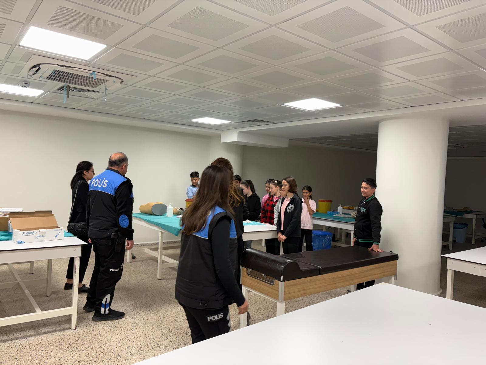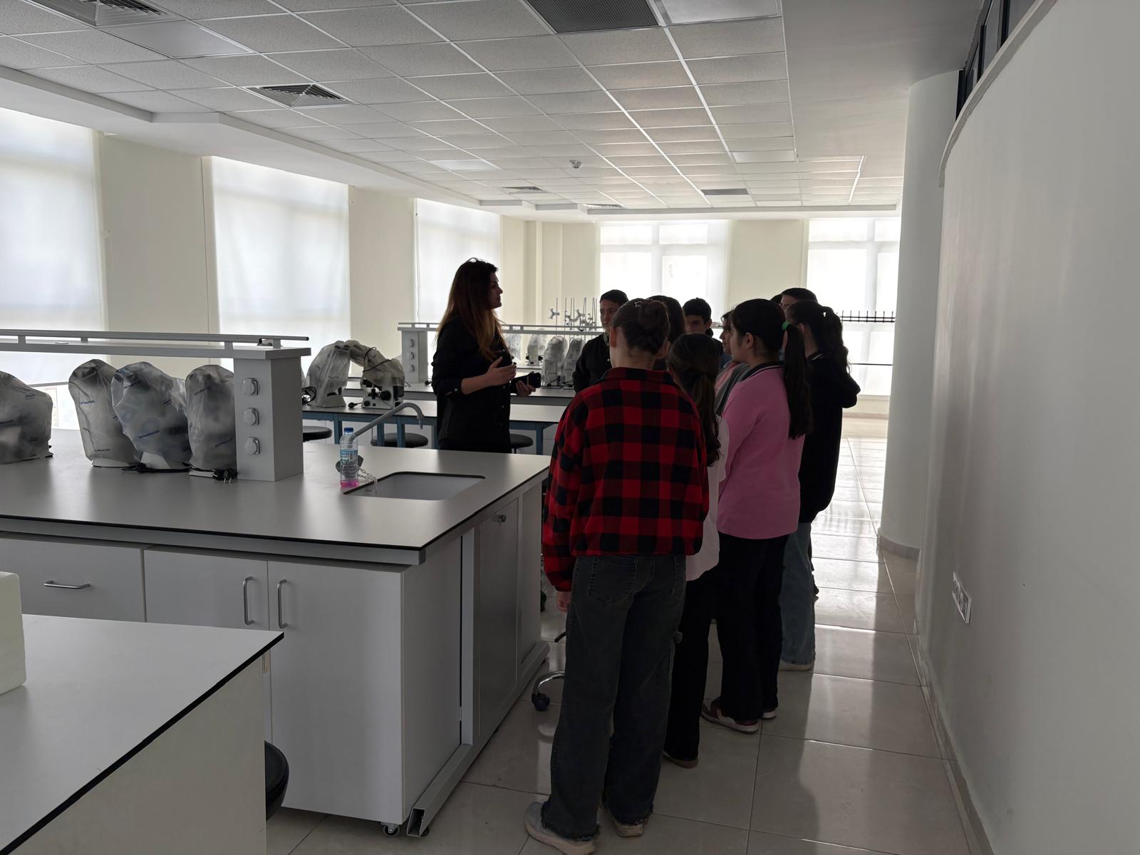 Kanuni Ortaokulu 8. sınıf öğrencileri, öğretmenleri eşliğinde Fakültemizi ziyaret etti. Ziyaret kapsamında öğrenciler, fakültemizin dersliklerini, laboratuvarlarını, çalışma salonunu ve fakülte kütüphanesini gezerek tıp eğitimi ortamını yakından tanıma fırsatı buldular.
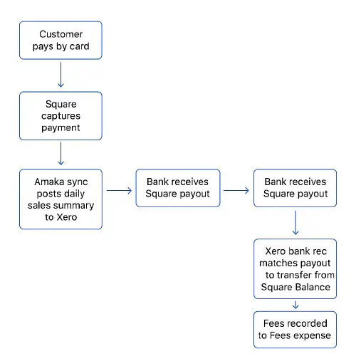 - Amaka’s Square + Xero setup guide: amaka.com/help/guide/square/xero/
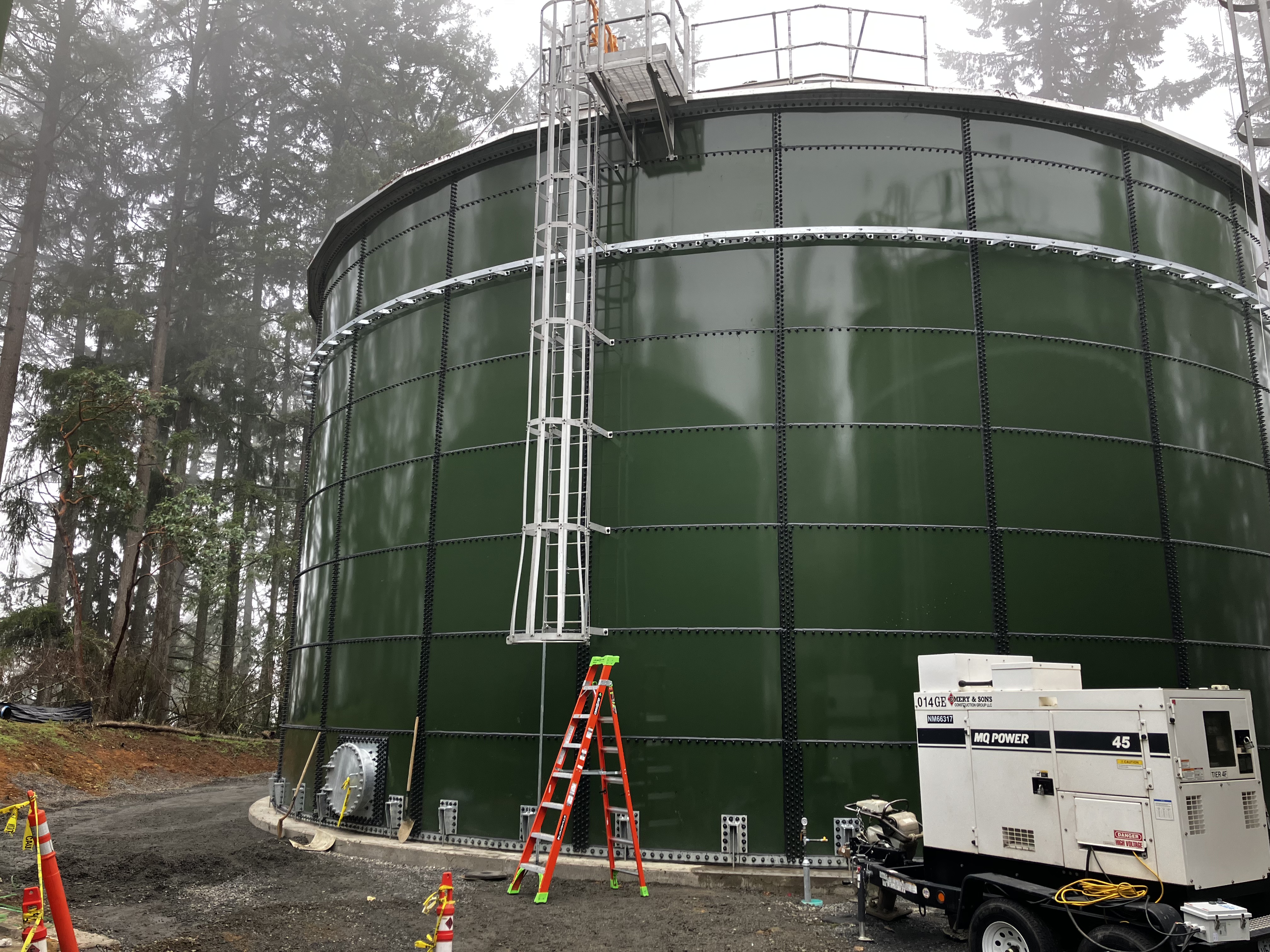 The two new bolted glass-fused-to-steel storage tanks will each be 60 feet in diameter and 40 feet tall and have a combined capacity of 1-million-gallons. The tanks will be located at ground level. The site will be restored to meet the City of Eugene’s landscaping and screening standards.
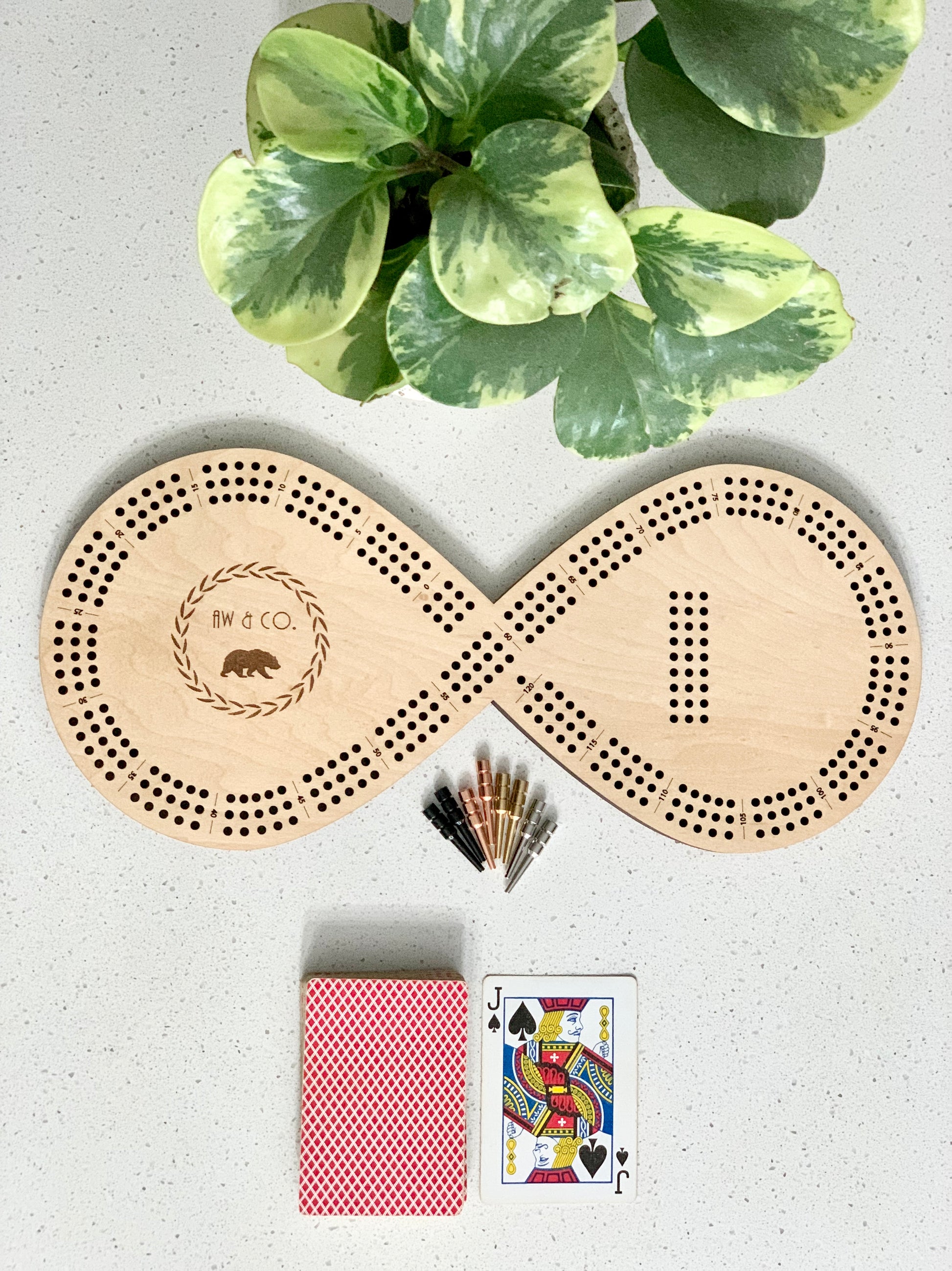 Introducing our beautifully crafted crib board, the perfect companion for classic card game enthusiasts! This elegantly designed crib board features a smooth wooden surface with intricate detailing, allowing you to keep score with ease during intense cribbage matches. Its compact size makes it ideal for travel, and the included metal pegs ensure durability and a touch of sophistication. Enhance your gaming experience with this timeless crib board, blending tradition with modern craftsmanship. Whether you're a seasoned player or new to the game, our crib board will elevate your cribbage sessions to new heights of enjoyment!
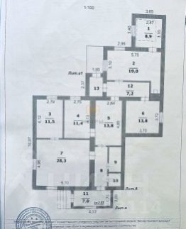 - 5 просторных светлых комнат(28.3 м2, 13.8 м2, 11.5 м2, 11.4 м2 и 8.9 м2),
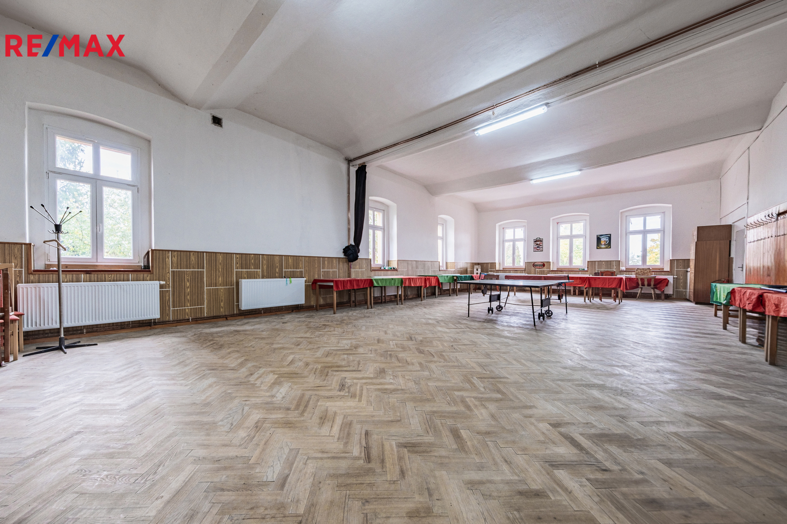 Nabízíme k prodeji zajímavý komerční objekt v obci Senkov (Zbrašín), nedaleko města Louny, který v současnosti slouží jako sídlo firmy s kancelářemi, hostinec s kuchyní a skladem, společenský sál pro kulturní akce jako např. pořádání svateb, divadelní/hudební představení, taneční zábava apod. a další skladové prostory.
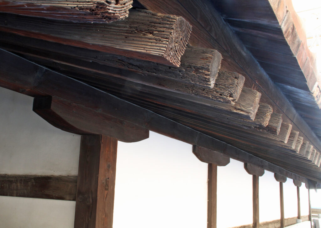 屋根は波打ったように歪んでおり、使われていた瓦そのものも、多くが耐用限度を大きく超えていて、随所に雨漏りが生じていました。屋根の歪みは、それを支える木造の小屋組(こやぐみ)の歪みによるもので、瓦を全て降ろした後、修理は小屋組に及ぶ見込みです。さらに、建物全体にわたって、木部や壁の傷んだ部分を修理します。
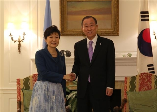 23일 유엔본부에서 열리는 유엔기후정상회의와 관련, 반 총장은 “내년 파리에서의 기후변화대응 국제적 조치의 합의를 끌어내기 위해 중요한 회의”라고 강조하며 박 대통령이 이 회의에서 기조연설을 하는 데 대해 사의를 표했다.
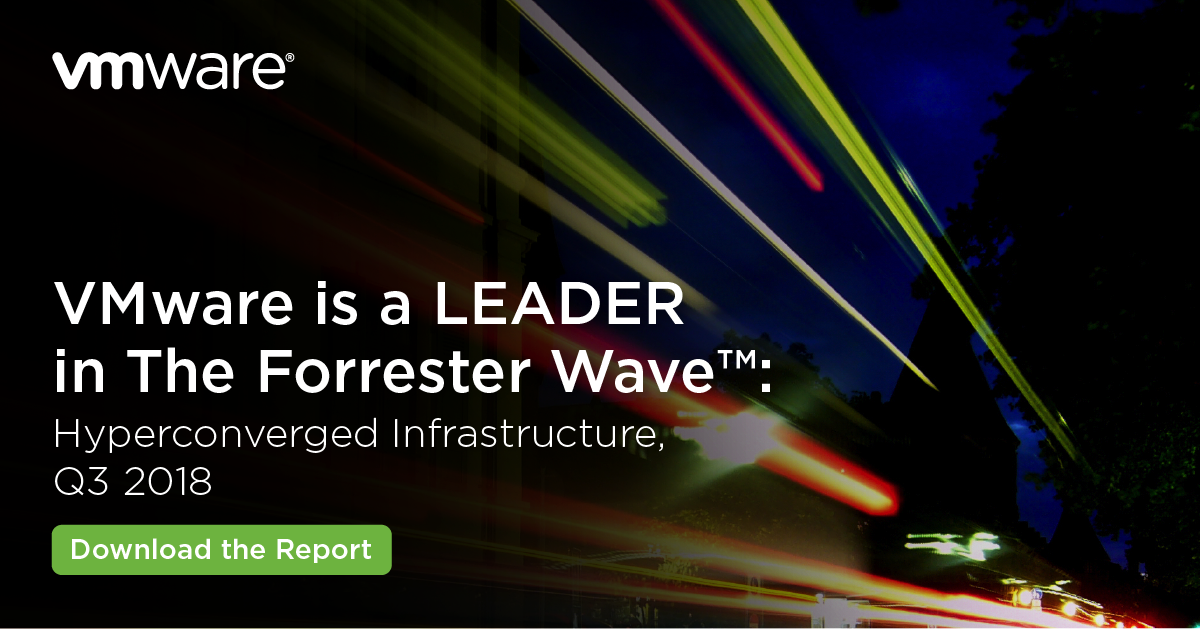 Forrester has positioned VMware as a Leader in The Forrester Wave™: Hyperconverged Infrastructure, Q3 2018, and VMware received the highest score in the strategy category. We believe this report validates VMware’s ability to not only envision what’s next, but to rapidly deliver benefits that solve c
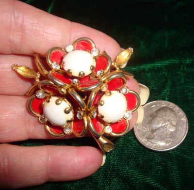 Vintage White Milk Glass Rhinestone Red Flower Brooch
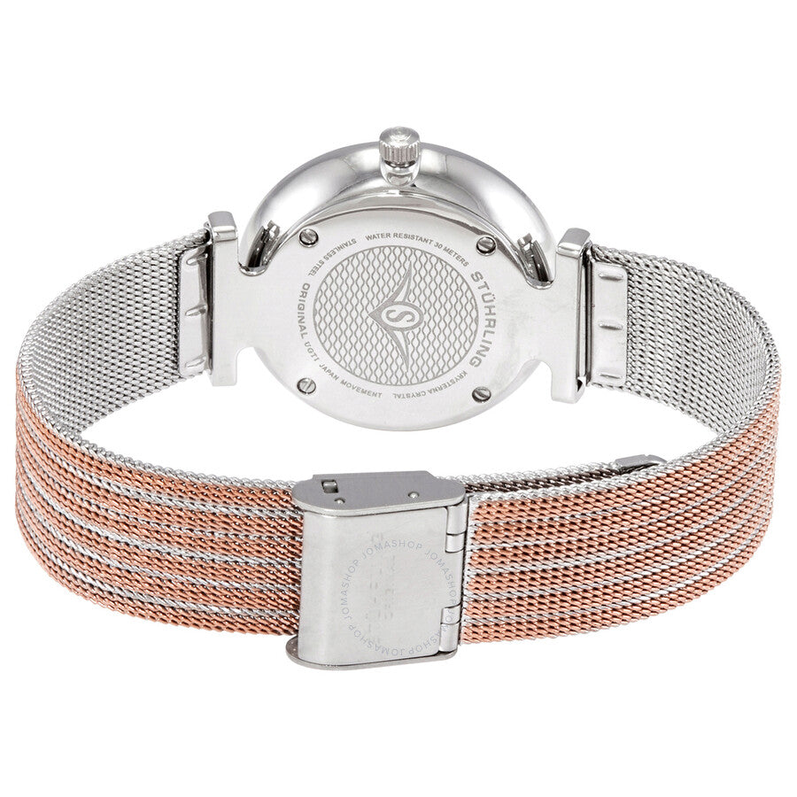 Experience elegance and euphoria with the Cambria, our featherweight wonder that delivers high style and chic design notes. Silver-tone alloy case with a two-tone (silver-tone and rose gold-tone) stainless steel bracelet. Fixed silver-tone alloy bezel. Blue dial with silver-tone hands and index hour markers. Crystals set at the 3, 6, 9 and 12 o'clock positions. Dial Type: Analog. Quartz movement. Scratch resistant mineral crystal. Pull / push crown. Solid case back. Round case shape. Case size: 32 mm. Case thickness: 7 mm. Fold over clasp. Water resistant at 30 meters / 100 feet. Functions: hour, minute, second. Symphony Series. Dress watch style. Stuhrling Original Symphony Blue Dial Ladies Watch M15667.
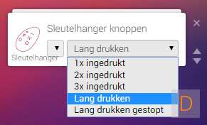 Als je gebruik wilt maken van de 2 of 3 keer achter elkaar indrukken moet je wat wijzigen in de configuratie van de KeyFob. Dit kun je doen door naar je apparaten te gaan en op het icoontje van de sleutel te klikken bij de KeyFob. Vervolgens klik je op "knoppen instelling" en selecteer je welke optie je wilt. Let wel op dat hierdoor de KeyFob wat trager reageert.
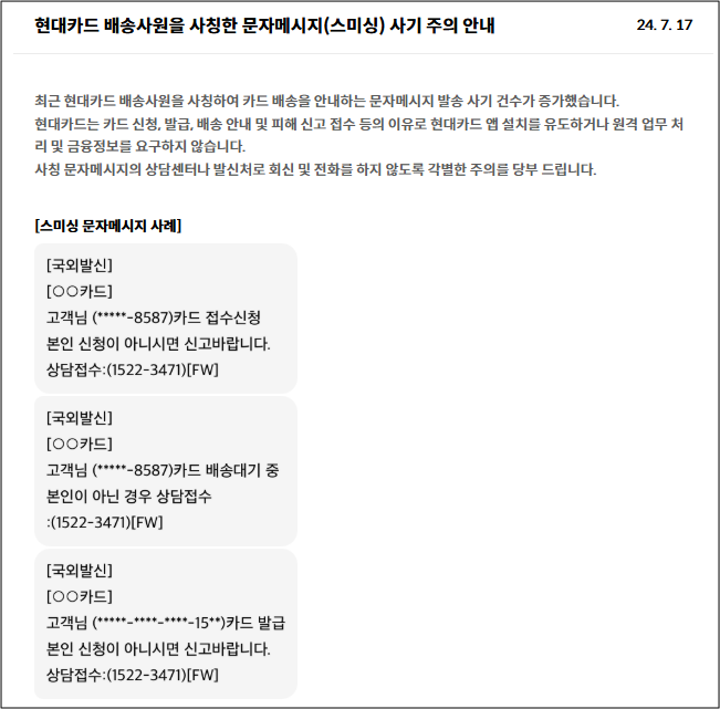 최근 휴대폰 문자 메시지에 카드 발급또는 결제 완료등의 사기성 메시지와 함께 전화번호만 기재하여 수신자의 전화를 유도하는 일명 콜백 스미싱이 증가하고 있어 사용자분들의 주의가 필요합니다.
•••••
What you are asked to do
Starting at the line with "- Amaka’s Square" in the entries above, write out every line exactly until the line with "Introducing our beautifully" has been written. Include no pictures and nothing more.

Solved exercise
 - Amaka’s Square + Xero setup guide: amaka.com/help/guide/square/xero/
 The two new bolted glass-fused-to-steel storage tanks will each be 60 feet in diameter and 40 feet tall and have a combined capacity of 1-million-gallons. The tanks will be located at ground level. The site will be restored to meet the City of Eugene’s landscaping and screening standards.
 Introducing our beautifully crafted crib board, the perfect companion for classic card game enthusiasts! This elegantly designed crib board features a smooth wooden surface with intricate detailing, allowing you to keep score with ease during intense cribbage matches. Its compact size makes it ideal for travel, and the included metal pegs ensure durability and a touch of sophistication. Enhance your gaming experience with this timeless crib board, blending tradition with modern craftsmanship. Whether you're a seasoned player or new to the game, our crib board will elevate your cribbage sessions to new heights of enjoyment!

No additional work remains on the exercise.